KIM STANLEY ROBINSON Well, I love that. That's more or less my motto, my working policy. I am a utopian science fiction writer and I've never but once done a dystopia in my entire 40 year career. They're too easy and they do end up being a kind of pornography of despair where you can always think to yourself, well, at least my life right now isn't that bad. And so there's a complacency to dystopias and a giving up quality, whereas you try the utopian future and then what you really realize is there's never going to be a perfect utopia. All you really mean is a positive course for history. And writing those down gives us ideas and plans. History is going so fast, technology's changing so fast that we're living in a science fiction story that we're all writing together.

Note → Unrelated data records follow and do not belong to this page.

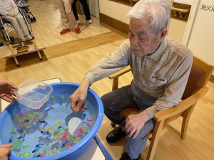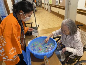 ゲームは金魚すくいとボーリングを行い、待ち時間は花火大会の映像を楽しんでいただきました🎇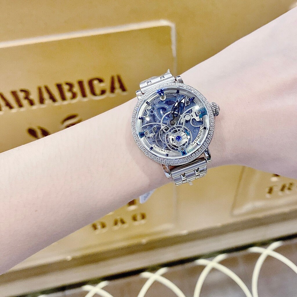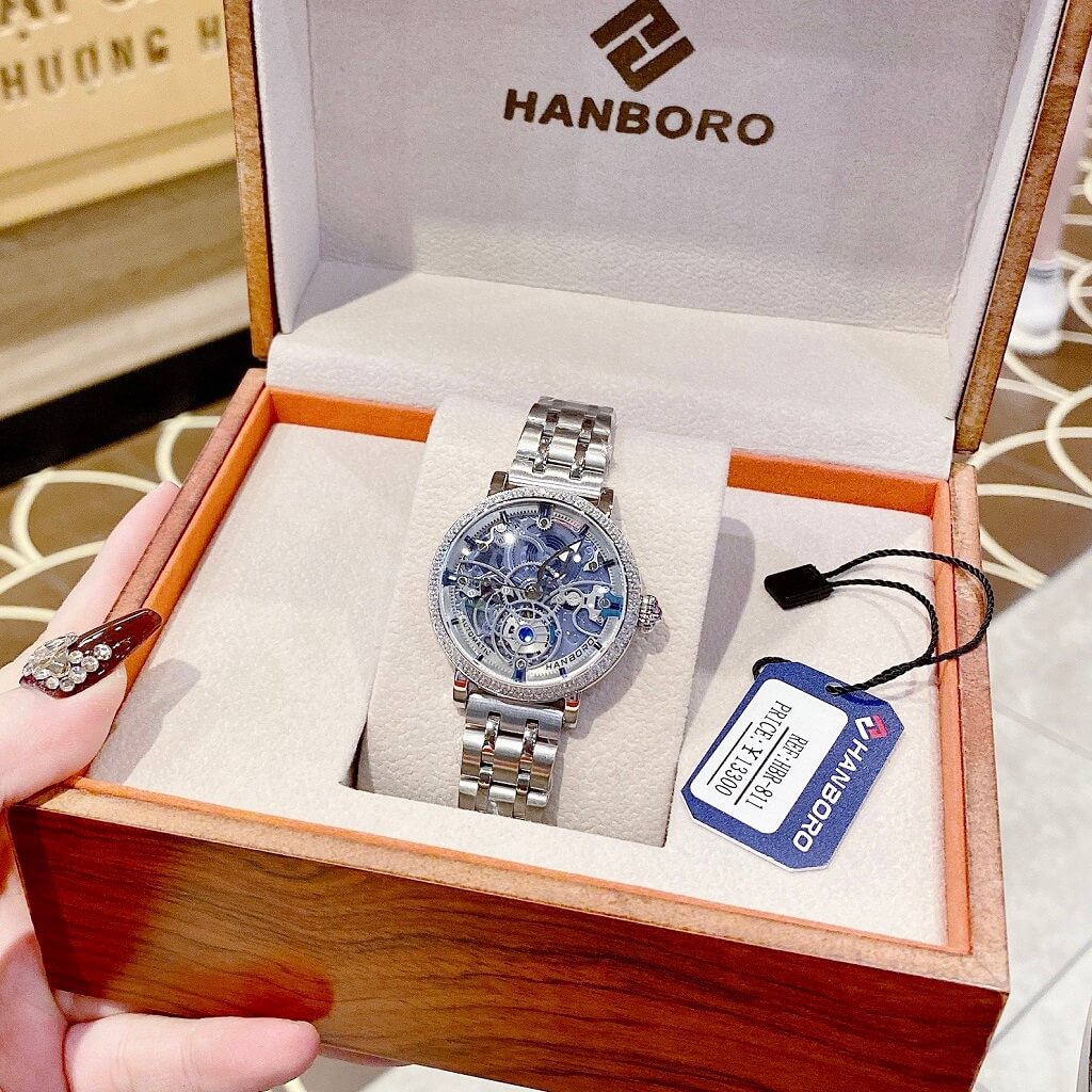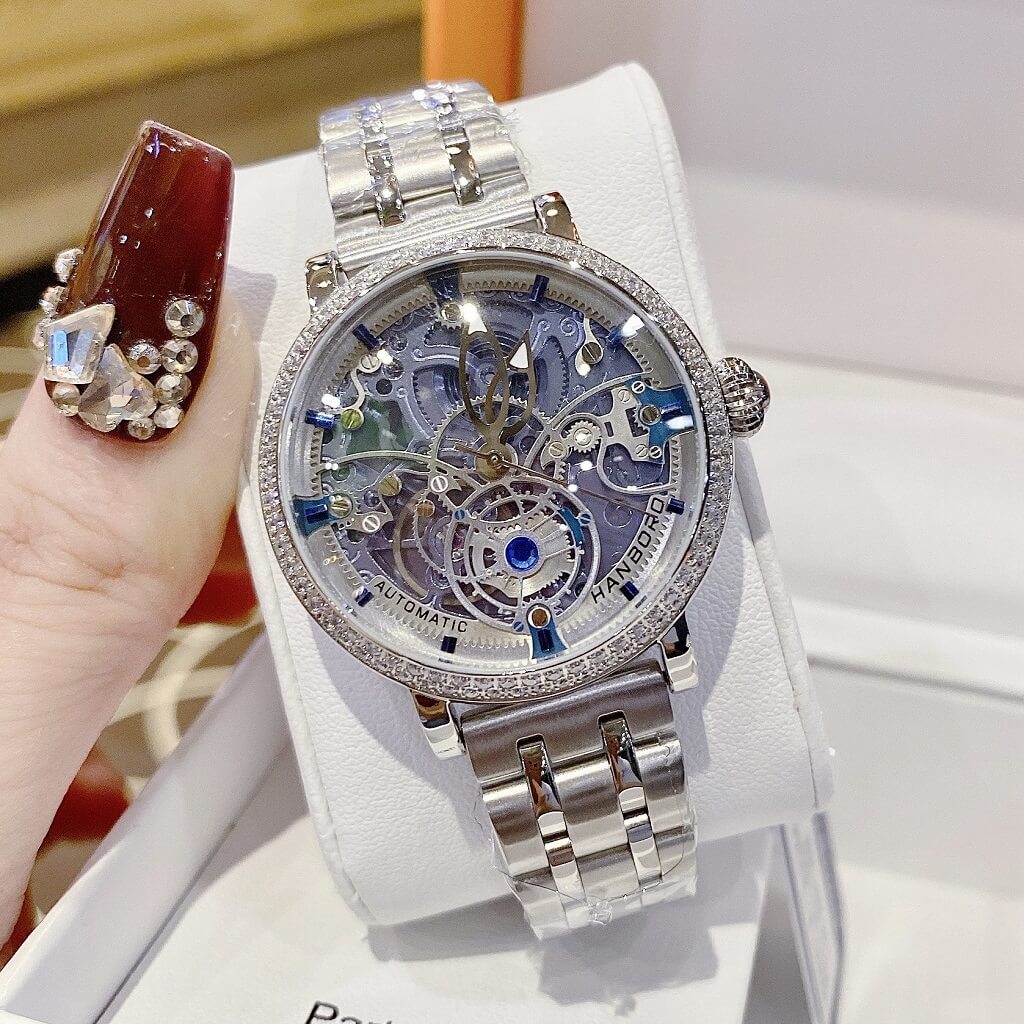 Hình Ảnh Đồng Hồ Nữ Hanboro Automatic (Tự Động) Lộ Máy Silver 36mm Chính Hãng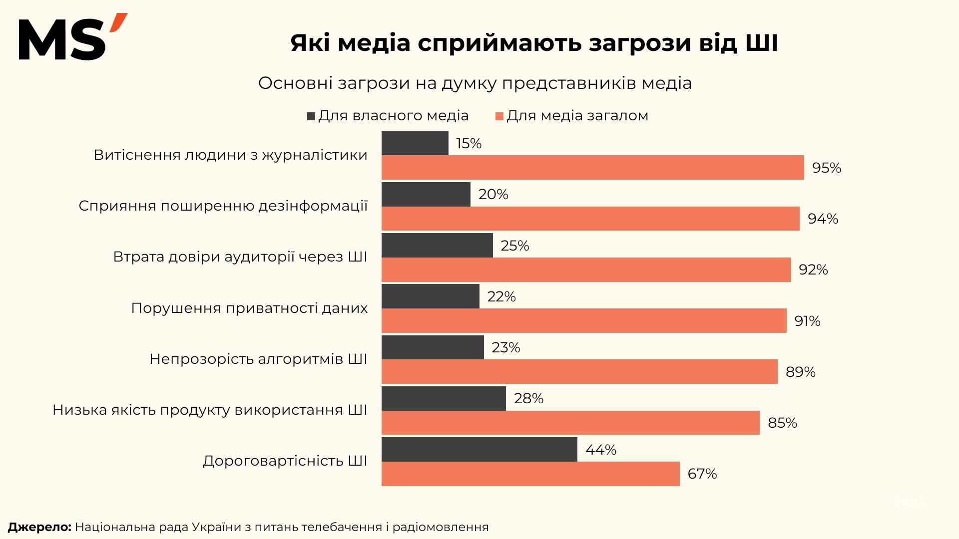 Найбільше занепокоєння викликає витіснення людини з журналістики (95%). Медіа бояться втратити унікальний людський фактор, який формує контекст, емоції та відповідальність за слово. Другий за масштабом страх — поширення дезінформації (94%), адже автоматизація створення контенту може сприяти появі великої кількості перекручених або фейкових матеріалів.

BROOKE GLADSTONE And what is New York 2140? It's neither a utopia nor a dystopia. It's in a continuous state of disorder and decrepitude. And yet somehow something's being built out of it. We're not offered any assurances as to what the future will be. Far from it.
KIM STANLEY ROBINSON No. Well, thank you for that. There are hopes and fears both, but there is also a shared political project where people want to make their lives better by getting involved in local politics, like running the building, running the local neighborhood, and district. And then even going down to Washington, D.C. and hammering away at the federal government. These are all parts of my story. And the seizing of global finance is a project that everybody on Earth needs to be involved in to make sure that money is working for people and against the destruction of the environment rather than the reverse, which is kind of the way things are now. The thing that's interesting is that finance right now is not evil or villainous and good people pursuing legal means can make themselves rich while the environment suffers. So we've mispriced things. And this is a legal problem more than anything else. What's sad in a way, is that the the fate of our future is almost entirely a political legal question. We've got to jump into the weird and muddy world of politics. It isn't down to individual virtue. It's down to the laws that we get passed. That's a little scary. But a lot of people have jumped in and are making the effort.
BROOKE GLADSTONE Scary, but not as scary as jumping into the waters around New York City in 2140.
KIM STANLEY ROBINSON Well, people wear dry suits. You would not want to be in the water, which would be poisonous for many years to come. But the tidal flushing and the the work of the oysters and clams is such that if you cleaned up a few Superfund like sites, a few decades would clean the estuary out quite a bit.
BROOKE GLADSTONE We just need special suits to jump into politics. That's all. Stan, Thank you very much.
KIM STANLEY ROBINSON It's a pleasure. Thank you.
BROOKE GLADSTONE Kim Stanley Robinson is the author of New York 2140, Aurora, and one of my favorites: The Years of Rice and Salt.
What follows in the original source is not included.